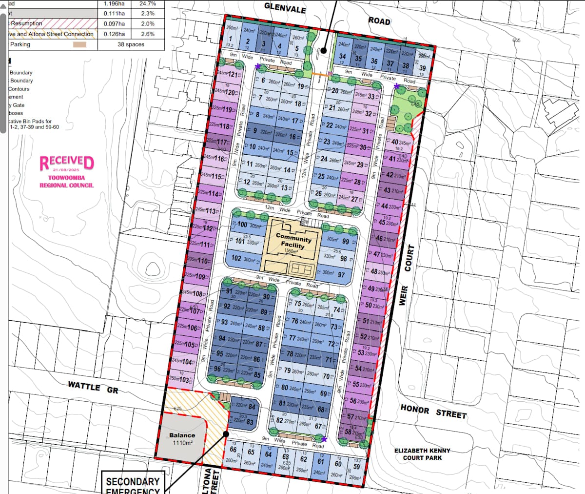 The plans provide for six different lot types, ranging from 210sqm to 330sqm, to accommodate a mix of three-bedroom home designs. A total of 159 carparking spaces are proposed – 13 more than required under the council’s planning scheme.
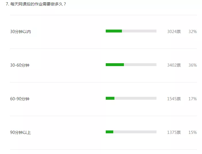 根據(jù)投票結(jié)果,68%的人認(rèn)為網(wǎng)課后的作業(yè)在60分鐘內(nèi)可以完成。不過,許多參與者認(rèn)為網(wǎng)課后的作業(yè)對(duì)于家長(zhǎng)來說負(fù)擔(dān)較重。
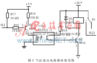输出电路模块主要由4路气缸驱动模块和2路步进电机的驱动模块组成,其原理图分别如图5、图6所示。4路气缸驱动模块分别用来驱动上料气缸的上料进和上料退、下料气缸的下料进和下料退。2路步进电机驱动模块用来控制步进电机的脉冲和方向。通过单片机对这些输出模块的控制,从而实现VCM磁钢快速智能检测系统的上料、分拣和下料动作。

++++++++++++++++++++

▶ [Task requirements] In the copy, keep every line of the data above exactly and drop each picture.

▶ [Written response]
 The plans provide for six different lot types, ranging from 210sqm to 330sqm, to accommodate a mix of three-bedroom home designs. A total of 159 carparking spaces are proposed – 13 more than required under the council’s planning scheme.
 根據(jù)投票結(jié)果,68%的人認(rèn)為網(wǎng)課后的作業(yè)在60分鐘內(nèi)可以完成。不過,許多參與者認(rèn)為網(wǎng)課后的作業(yè)對(duì)于家長(zhǎng)來說負(fù)擔(dān)較重。
输出电路模块主要由4路气缸驱动模块和2路步进电机的驱动模块组成,其原理图分别如图5、图6所示。4路气缸驱动模块分别用来驱动上料气缸的上料进和上料退、下料气缸的下料进和下料退。2路步进电机驱动模块用来控制步进电机的脉冲和方向。通过单片机对这些输出模块的控制,从而实现VCM磁钢快速智能检测系统的上料、分拣和下料动作。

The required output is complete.